Tosoh Bioscience has produced an application describing how to improve reproducibility of MW measurements of polypeptoids using an EcoSEC GPC system.
Introduction
Polypeptoids are a new class of synthetic polypeptide analogues. Because of intense hydrogen-bonding among the chains of polypeptoids, aggressive solvents such as hexafluoroisopropanol (HFIP) must be used as the mobile phase for gel permeation chromatography (GPC) analysis. Highly reproducible data, needed to detect subtle molecular weight distribution trends, were generated with an EcoSEC GPC System and TSKgel mixed-bed columns.

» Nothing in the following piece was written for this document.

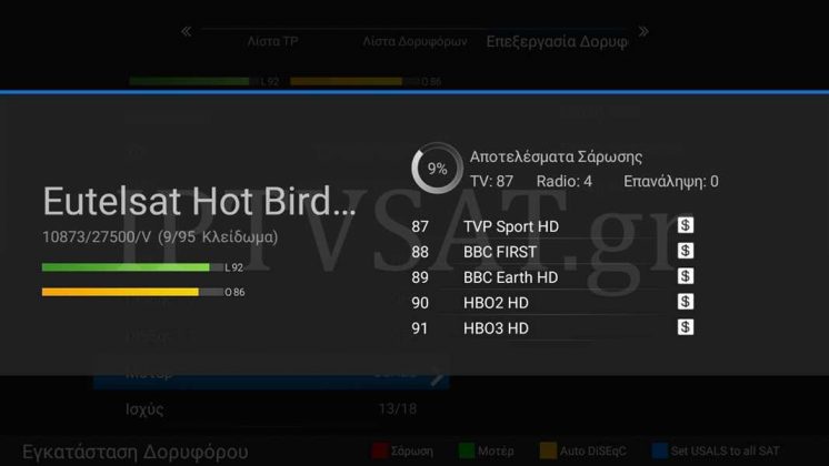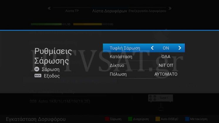 Στη διαδρομή DVB->Installation->Εγκατάσταση Δορυφόρου, έχουμε τις λειτουργίες σεταρίσματος για τον δορυφορικό δέκτη, όπου θα βρείτε 96 προ-εγκατεστημένους δορυφόρους, τους οποίους μπορείτε να τροποποιήσετε, αλλά και να προσθέσετε νέους. Στην αντίστοιχη κάρτα που εμφανίζεται, έχετε τις επιλογές Λίστα TP , Λίστα Δορυφόρων και Επεξεργασία Δορυφόρου. Στη τελευταία επιλογή, σετάρουμε κυρίως τη σηματοδοσία DiSEqC 1.0, 1.1 και μοτέρ DiSEqC 1.2/USALS, ανάλογα με την εγκατάστασή μας. Να σημειωθεί ότι οι 3 παραπάνω επιλογές πραγματοποιούνται με τα πλήκτρα << >> του τηλεχειριστηρίου, όπως και πολλές άλλες επιλογές. Οι μπάρες σήματος είναι πάντα παρούσες διευκολύνοντας τις ρυθμίσεις μας, ενώ με το κόκκινο πλήκτρο πραγματοποιούμε ανίχνευση καναλιών, με δυνατότητα «Τυφλή Σάρωση» (blind scan), NIT, καθώς και μόνο των ελεύθερων εάν επιθυμούμε.
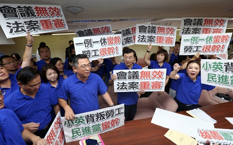 日前民進黨“立委”不顧勞團強烈反對,強行在一片混亂中通過“一例一休”修改草案初審,最快下月在臺灣“立法院”表決。民進黨“立委”的蠻橫行徑引起公憤,勞團聲言要在明年的地方選舉中制裁民進黨。去年民進黨當局硬推“一例一休”上路,結果民怨四起,不得不作出部分修改,但不僅未能平息坊間怒氣,反而又引發新一輪爭議!耙焕恍荨币呀洺蔀椴逃⑽漠斁謸]之不去的夢魘。

This application note presents data obtained from a series of poly-b-alkylalanoids which were obtained using living alternating copolymerization of N-alkylaziridines and carbon monoxide.1
Experimental Conditions
A series of block poly-b-alkylalanoids were provided by Dr Li Jia and SEC analysis was done at Tosoh’s Tokyo Research Center in Japan. Polymers were dissolved as received in HFIP at a level of 0.5 mg/mL, and passed through a 0.5 μm membrane filter. The column set used was a series of two TSKgel GMHHR -M (4.6 mm ID x 15 cm L) columns packed in HFIP.
Conclusion
The apparent MW data in the application note demonstrate that an HFIP mobile phase can be reliably used with the EcoSEC GPC System for determining the MWD of polypeptoids, specifically block poly-b-alkylalanoids. In addition, these results demonstrate that the EcoSEC GPC System has unprecedented baseline and flow-rate stability, as compared to using conventional HPLC systems for GPC analysis. Even with using HFIP, a toxic, strong solvent capable of dissolving polypeptoids, the pooled percent relative standard deviation of number- and weight-average MWs of a set of block poly-b-alkylalanoids, was 0.2 to 0.3%, surpassing the reproducibility using conventional HPLC systems used for SEC. This method is suitable for the study and characterization of these interesting polypeptide analogues and for the optimization of polymerization conditions for block poly-b-alkylalanoids.
1. L. A. Roper, D. Olson, B. Danowski and J. D. Kehlbeck, FASEB Journal, 22, 1061.8. (2008).